5. 𝗢𝗽𝗲𝗿𝗮𝘁𝗶𝗼𝗻𝗮𝗹 𝗦𝗲𝗿𝘃𝗶𝗰𝗲𝘀:
   - 𝗧𝗲𝗹𝗲𝗺𝗲𝘁𝗿𝘆: This includes monitoring, logging, and diagnostics to keep track of the health and performance of microservices.
   - 𝗖𝗼𝗻𝘁𝗮𝗶𝗻𝗲𝗿 𝗠𝗮𝗻𝗮𝗴𝗲𝗺𝗲𝗻𝘁: Manages the lifecycle of containers where microservices are deployed.

6. 𝗖𝗜/𝗖𝗗 𝗔𝘂𝘁𝗼𝗺𝗮𝘁𝗶𝗼𝗻:
   - Continuous Integration and Continuous Deployment pipelines that automate the building, testing, and deployment of microservices, ensuring that new features and updates can be released quickly and reliably.

7. 𝗖𝗹𝗶𝗲𝗻𝘁 𝗔𝗽𝗽𝗹𝗶𝗰𝗮𝘁𝗶𝗼𝗻𝘀:
   - These are the various consumer-facing applications like mobile apps, web browsers, or third-party services that interact with the API Gateway.

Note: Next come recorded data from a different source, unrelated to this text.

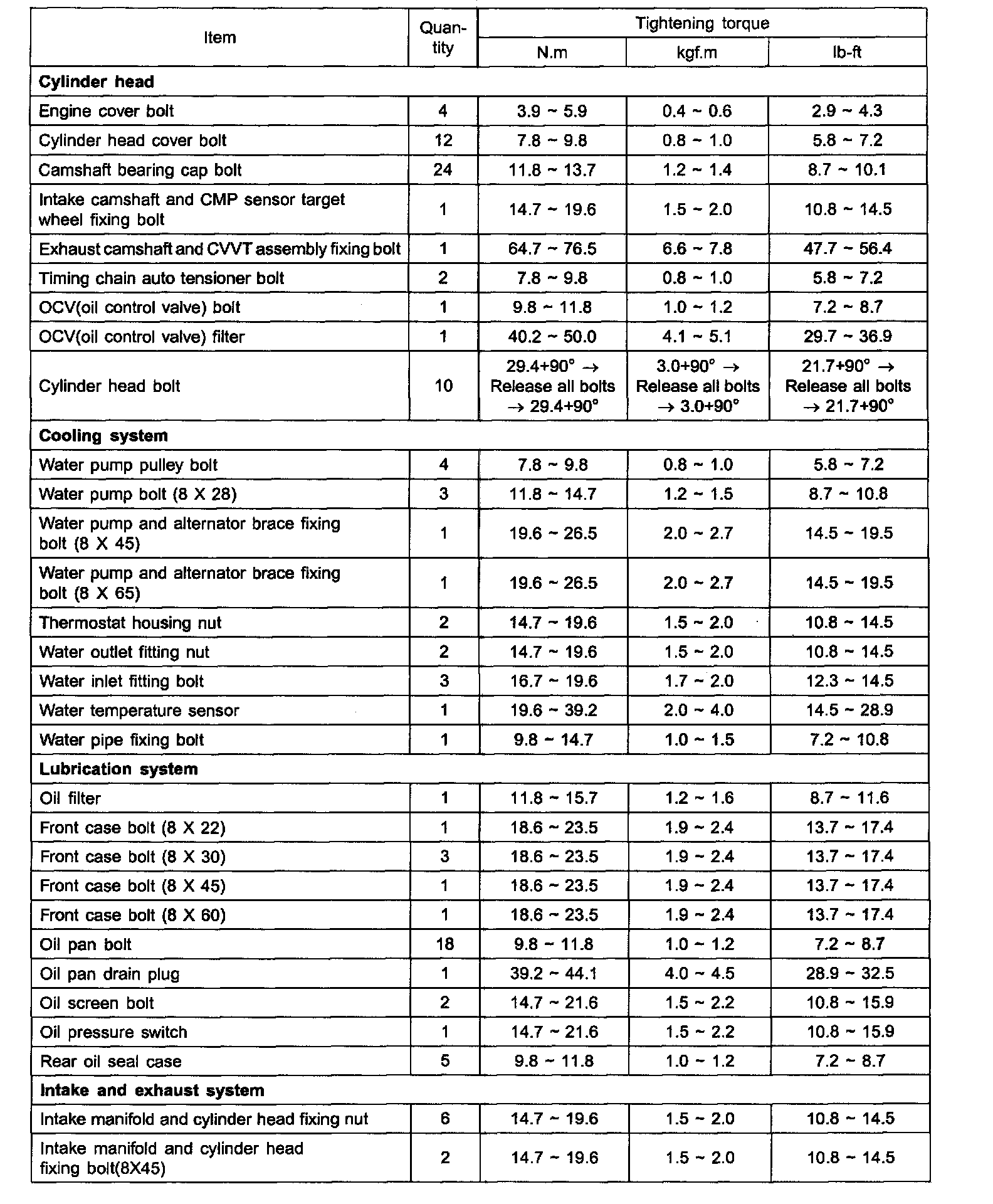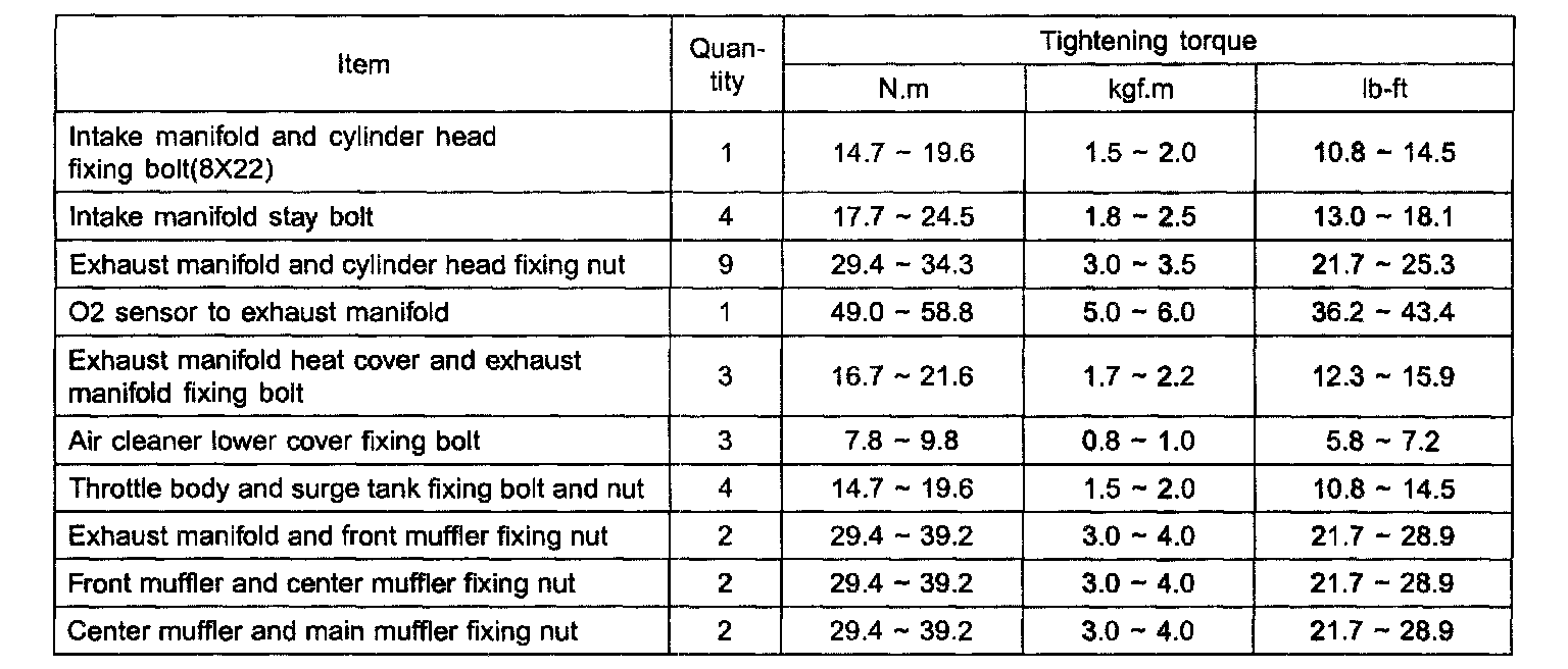 Torque Specifications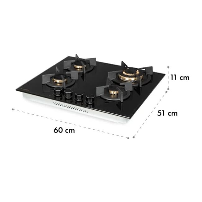 Газова варильна поверхня Klarstein Goldflame 4 пропонує максимальну гнучкість та ефективність завдяки чотирьом потужним латунним конфоркам на скляній поверхні. Спеціальне нанопокриття забезпечує легке очищення, а система захисту від полум'я та автоматичне запалювання забезпечують безпеку та зручність.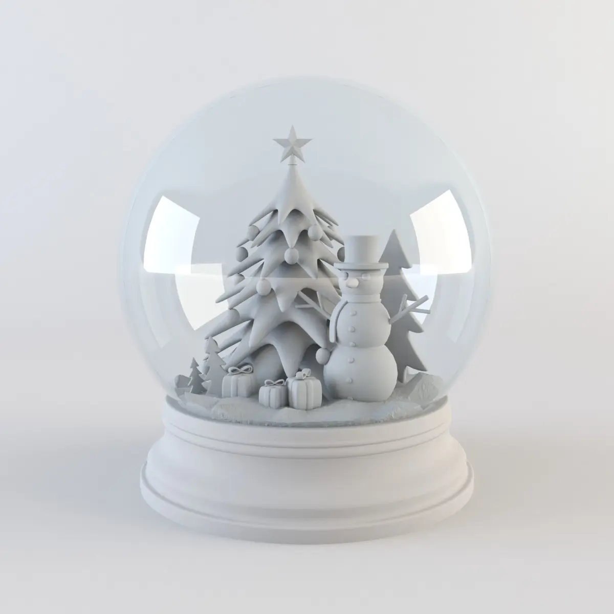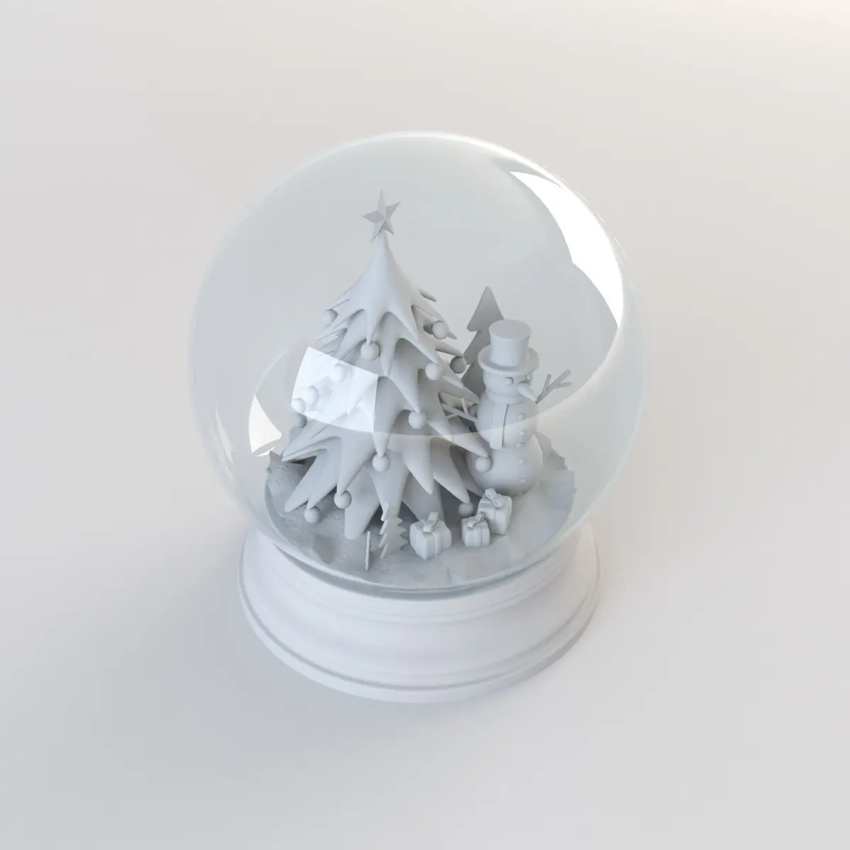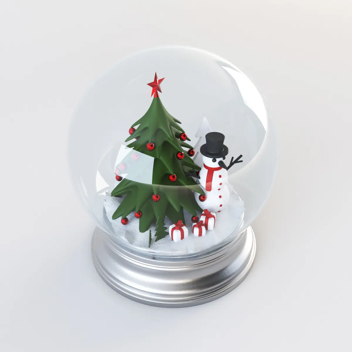 Snow globe is a traditional Christmas accessory that is seen in any seasonal scene. The model includes low - poly models of a Christmas tree , gift boxes and a snowman.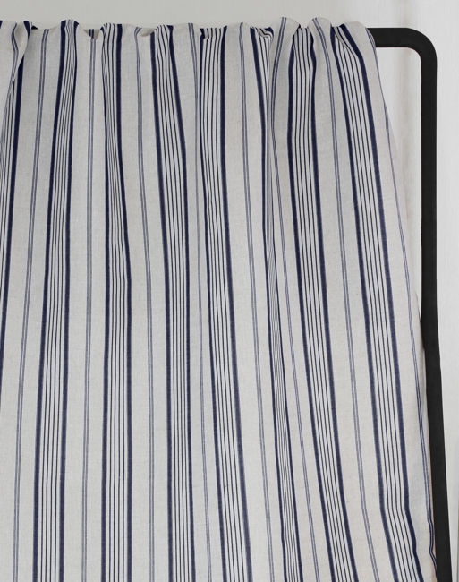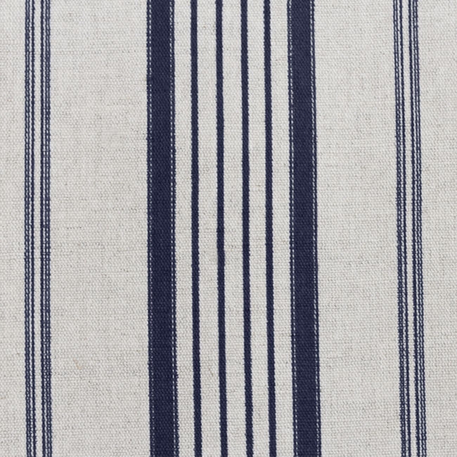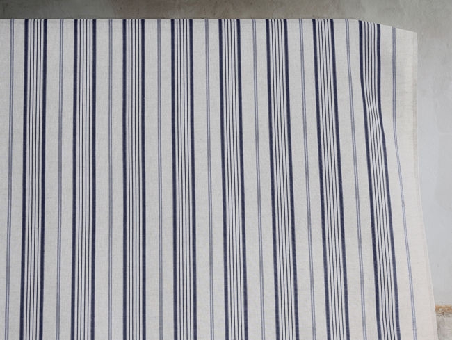 Natural Linen Fabric printed with Dark Blue stripes. Medium weight fabric.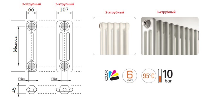 - 2-х трубні (66 мм), відстань від стіни до центру колектора - 96-106 мм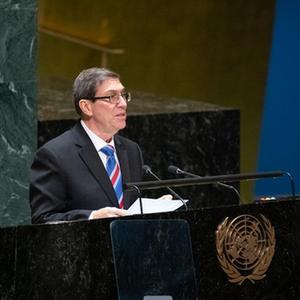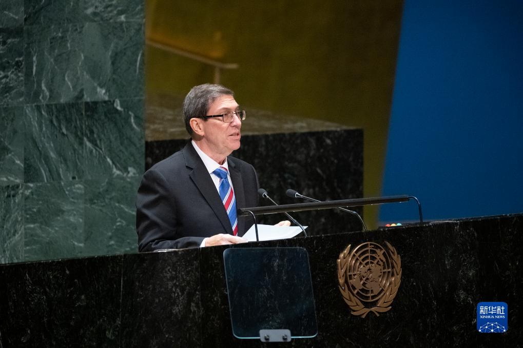11月2日,在位于纽约的联合国总部,古巴外交部长罗德里格斯在投票前发言。
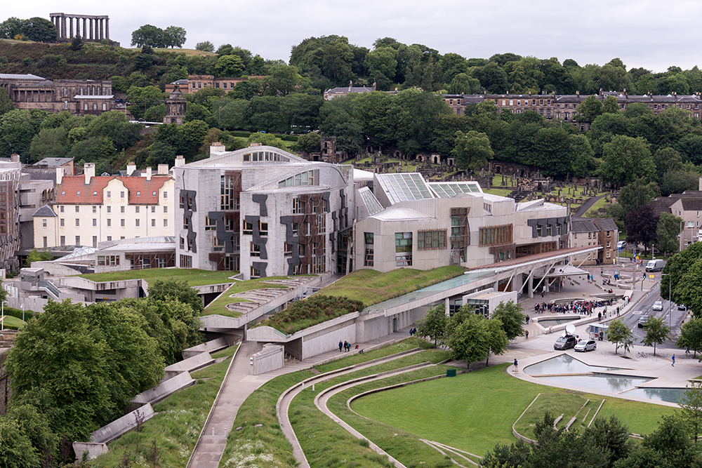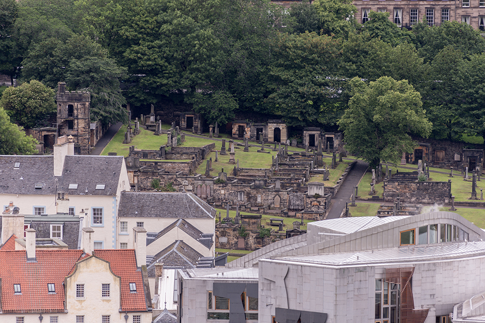 | ... Canongate Kirkyard und davor das Parlament ... |
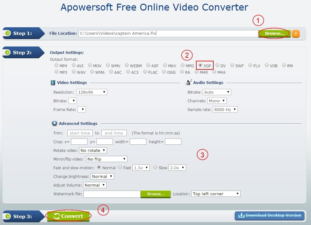 With a clean and user-friendly interface, Apowersoft Free Online Video Converter can help people with every level of skills get the FLV to 3GP conversion done in minutes. Online application as it is, it can convert videos between formats directly on the web. In addition, there are no limits for format and file size of input video files. Let’s explore how it works.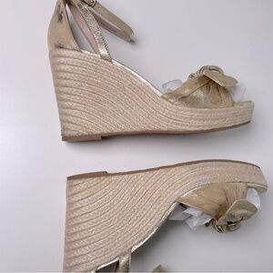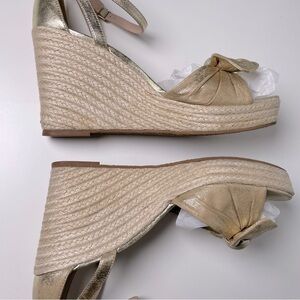 Kate Spade New York Metallic Gold Wedge Sandals with Bow – Size 11B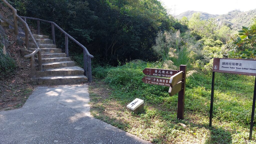 過M181不遠,就會看到千島湖清景台的標志,照指引行約200米即可到達觀景台,這是欣賞大欖涌水塘的絕佳位置。欣賞打卡後原路返回麥徑。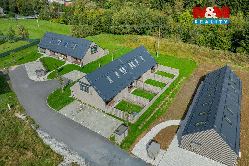 Nabízíme k prodeji mezonetový apartmán kolaudovaný v roce 2024, evokující bydlení v řadovém, malém rodinném domku se zahrádkou. V prvním nadzemním podlaží se nachází vstupní chodba, WC a obývací místnost s kuchyní, na kterou navazují z obou stran dřevěné terasy a malá zahrada. V podkroví se nachází koupelna a dva menší pokoje. Všechny pokoje jsou vybaveny vestavěným nábytkem na míru. K bytu náleží vlastní parkovací místo. Ohřev vody elektrickým bojlerem, vytápění tepelným čerpadlem pro celý dům, ve kterém jsou celkem 4 bytové jednotky. Dům je napojen na veřejný vodovod a kanalizaci. Vynikající pro toho, kdo hledá moderní, klidné bydlení uprostřed valašské přírody. Ideální využití i k rekreaci. Vzhledem k fixaci hypotéky možnost převodu a předání v květnu 2026. Pro více informací kontaktujte makléře.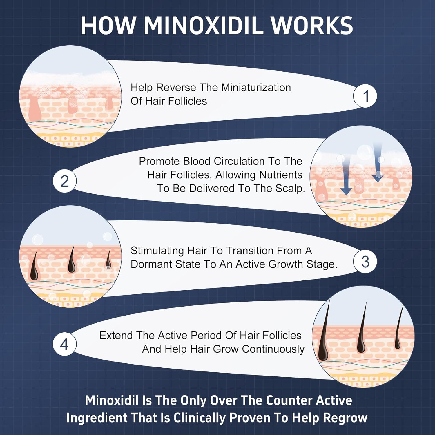 - SEE RESULTS IN AS LITTLE AS 12 WEEKS: Our 5% Minoxidil Foam utilizes advanced technology, infused with biotin and castor oil, For hair and beard growth. Experience the transformative power of minoxidil as it reactivates hair follicles and stimulates regrowth with noticeable results in 3-6 months.

The diagram also categorizes the components into 'Inner Architecture', which includes the core microservices and their immediate supporting services, and 'Outer Architecture Capability', which represents the operational and automation tools that support the microservices infrastructure.